Tuesday, June 1, 2010

The war against the secular

Roger Ebert in his consistently interesting blog has a post about how Twitter and internet browsing are destroying his concentration, reducing his ability to enjoy Victorian novels. It's a sensation many people may have felt, although whether the internet is anything more than a scapegoat is uncertain.

The epic films of the 1960s and 70s, like 2001: A Space Odyssey, Tarkovsky's Solaris, and Apocalypse Now, began with an often glacial slowness, and didn't get much faster. It seems like they aspire to the condition of dreams, enveloping the viewer in a strange world. But it is not exactly the dream they want to create, but the concrete, the secular - which means variously the non-spiritual, the long-lasting, and the non-eternal - a space where they can exist and be free. All art needs this room, a space and time where the audience can move and stretch their legs and experience something at length, escaping the momentariness and fragmentation of ordinary life.
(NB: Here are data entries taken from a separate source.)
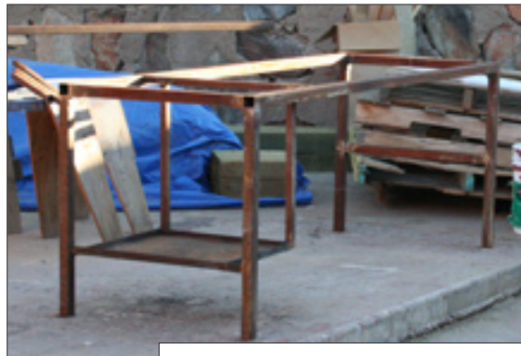
construction - desk frame

The entire process took almost two months (breaks in between each piece) and about thirty man hours. The total cost is under one hundred dollars with the majority of the charges coming from poly-acrylic and the ma-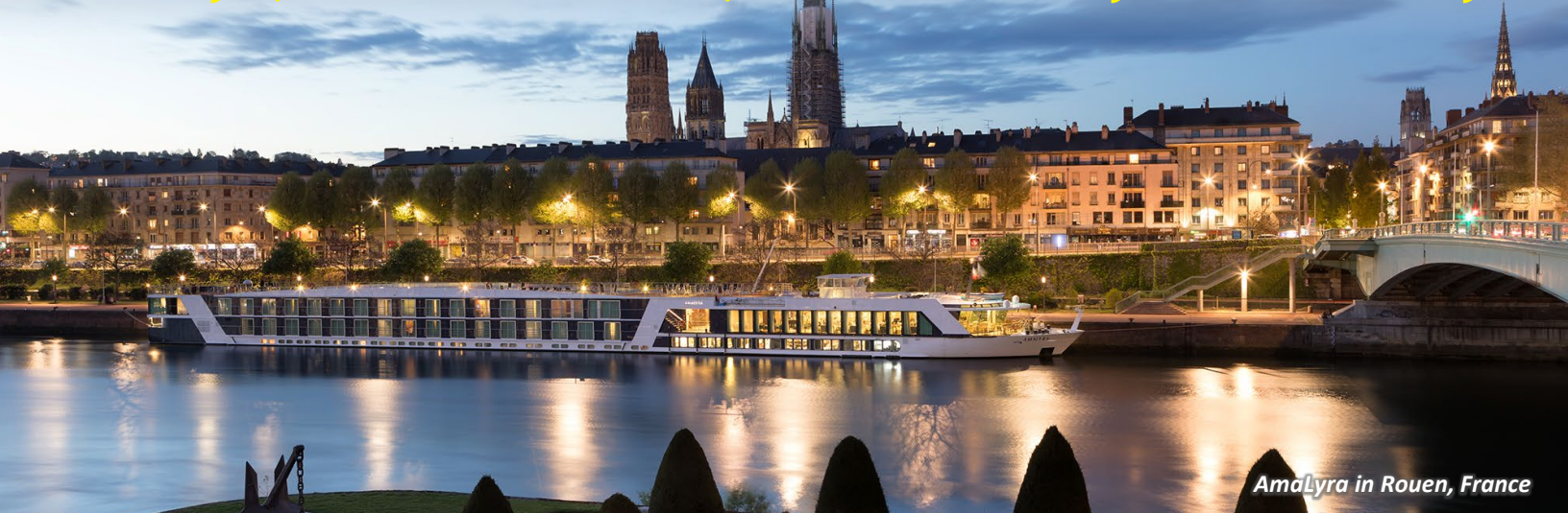
Amalyra in Rouen, France

ABOARD AMALYRA • 7 NIGHTS • JUNE 18 TO 25, 2026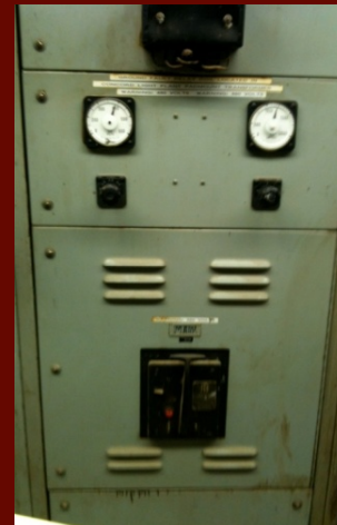
OUTDATED AND DETERIORATING ELECTRICAL PANELS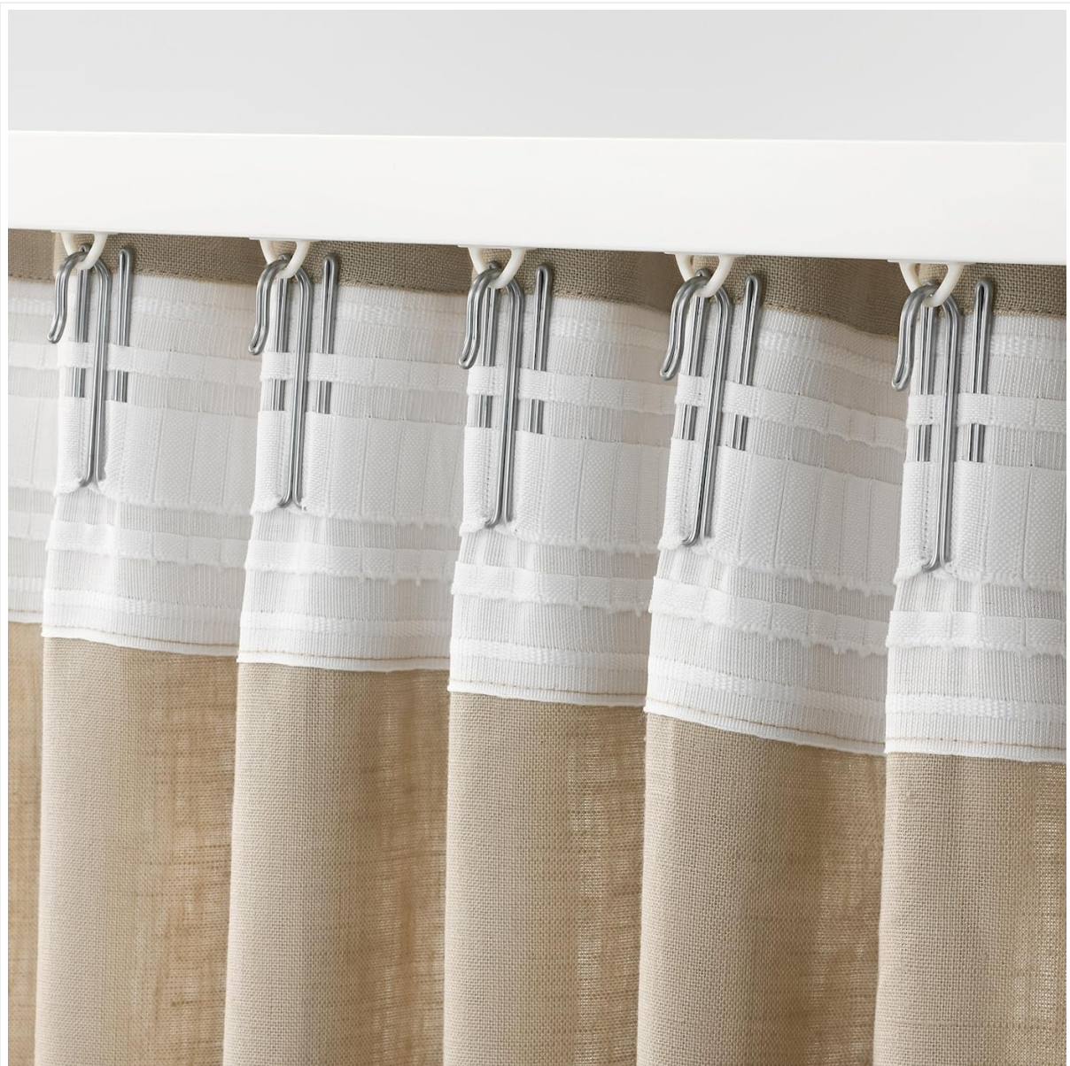
Image 2: A detailed view of IKEA RIKTIG hooks correctly installed on a curtain's heading tape and suspended from a curtain track. The image demonstrates how the hooks secure the curtain for hanging.

There is a book to be written about how changes in artwork density from gallery to gallery and era to era have affected the visual arts - pictures crammed on walls in the 19th century, now sitting in solitude in white galleries - and how today we may be giving contemporary art too much space. Because after all, despite our dense urban lives, it is time we really have a shortage of - we can flit from work to shallow sensationalist work in a gallery but not commit the time to enjoy temporal arts like the novel, the slow-moving epic, or the opera.

People still have time for long TV series, box sets, but they are paced and punctuated for stop-start viewing with their ad-space-friendly ten-minute acts and credit sequences. What they do not offer is the long slow sensation of drifting off. Everything is Brechtian now, shocking you out of its reality, showing you its frame.